The tradeoff is efficiency and defensibility. Once you establish position in a trust network, competitors face the same slow climb. Your successful customers become barriers to entry.

When Network Distribution Works

The strategy makes sense when the industry is relationship-dense, decision makers know each other, purchase decisions involve high risk, implementation requires significant change, and contract values justify high-touch investments.

Higharc hits all of these. If you’re selling low-ACV software to dispersed buyers, paid acquisition works better. But for high-stakes software in tight networks, treating the market as a graph changes everything.

The Underlying Mental Model

The shift from funnel to network isn’t just tactical—it’s conceptual. Funnels optimize for conversion rates at each stage. Networks optimize for propagation through trusted relationships.

In funnels, you manufacture demand. In networks, you tap into existing trust. In funnels, you scale through paid acquisition. In networks, you scale through successful deployments. In funnels, customers are endpoints. In networks, customers are distribution nodes.

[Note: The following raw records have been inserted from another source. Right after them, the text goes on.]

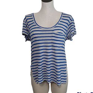 Madewell Blue Gray Striped Scoop Neck Pocket Tee Shirt
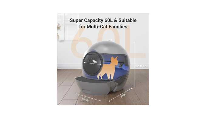 AUTOMATIC & TIMED CLEANING: Self-cleaning litter box adopts an App (Only 2.4ghz) remote, clumping and separating cat excrement from clean cat litter automatically, tracking cat usage time & trash volume. 60L extra large auto cat litter box offers a comfortable space for multiple cats from 3.3lbs to 25lbs, which can solve your worries of short-distance 7-15days travel.
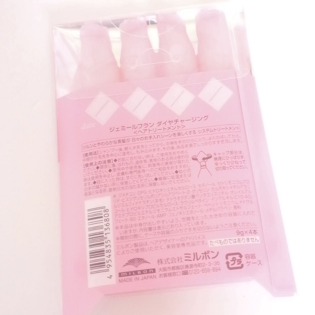 - <9g × 4> 水、ジメチコン、DPG、ヒドロキシエチルセルロース、セタノール、セトリモニウムクロリド、ビスジグリセリルポリアシルアジペート-2、グリセリン、カルボキシメチルアラニルジスルフィドケラチン(羊毛)、テトラオクタン酸ペンタエリスリチル、オレイルアルコール、ヒドロキシプロピルセルロース、ラウリルベタイン、イソアルキル(C10-40)アミドプロピルエチルジモニウムエトサルフェート、ベヘントリモニウムメトサルフェート、BG、エタノール、AMP、フェノキシエタノール、メチルパラベン、香料
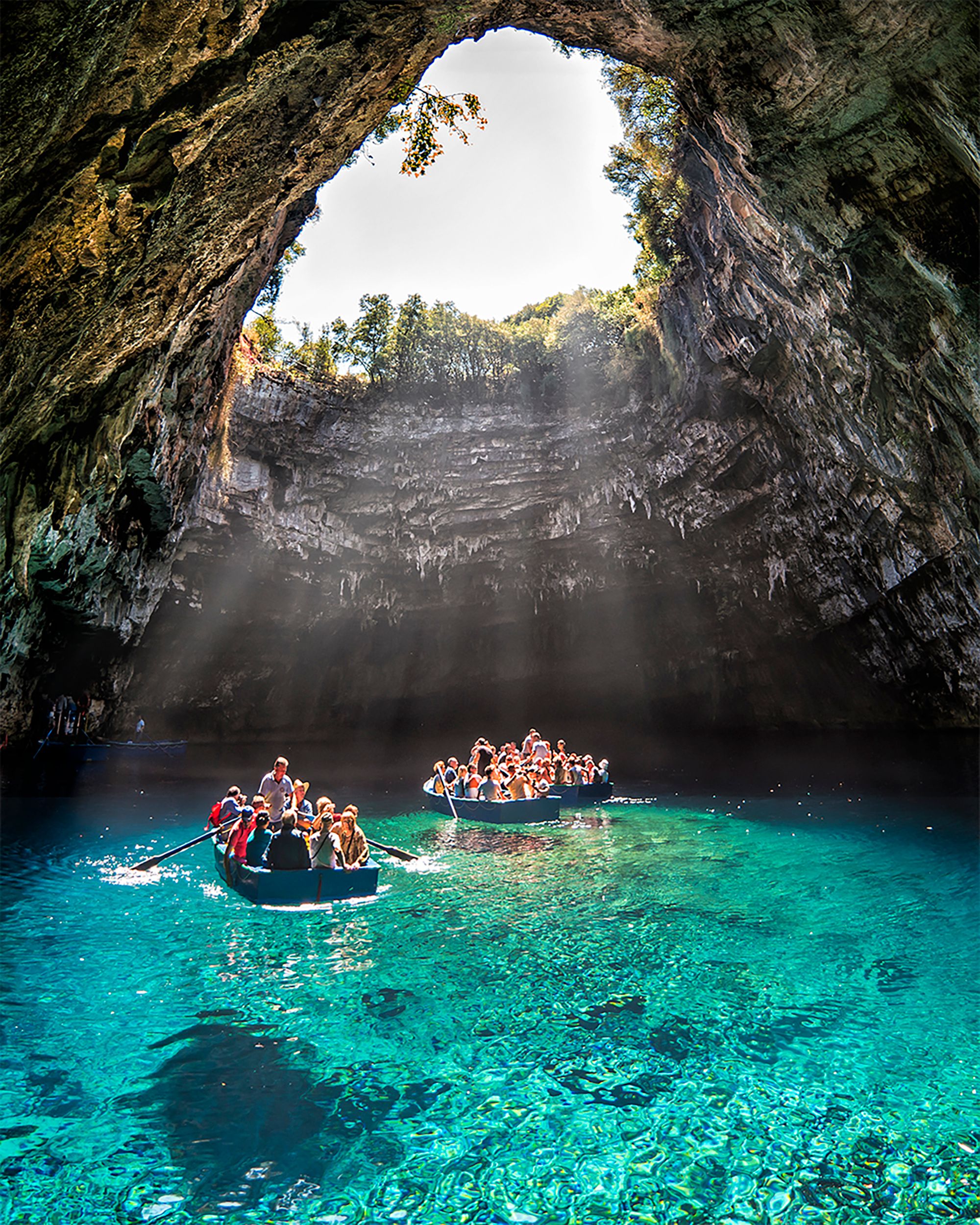 Пещерное озеро Мелиссани на острове Кефалония – одно из самых потрясающих природных чудес Греции. Это подземное озеро, обрамленное сталактитами и сталагмитами, имеет кристально чистые воды, меняющие оттенок от бирюзового до изумрудного в зависимости от времени суток и положения солнца, рассказывает Travel + Leisure.

Marc’s approach to homebuilding distribution reveals the pattern. When markets operate as trust networks, your entire GTM motion—from customer selection to success investment to marketing tactics—must align with how trust propagates through those networks. Fight the network topology and you waste resources. Work with it and you build compounding advantages competitors can’t easily overcome.

For founders in tight-knit industries, the lesson is clear: stop treating your market like a funnel. Map it as a network. Find the trust nodes. Build case studies at those nodes. Let the network distribute for you.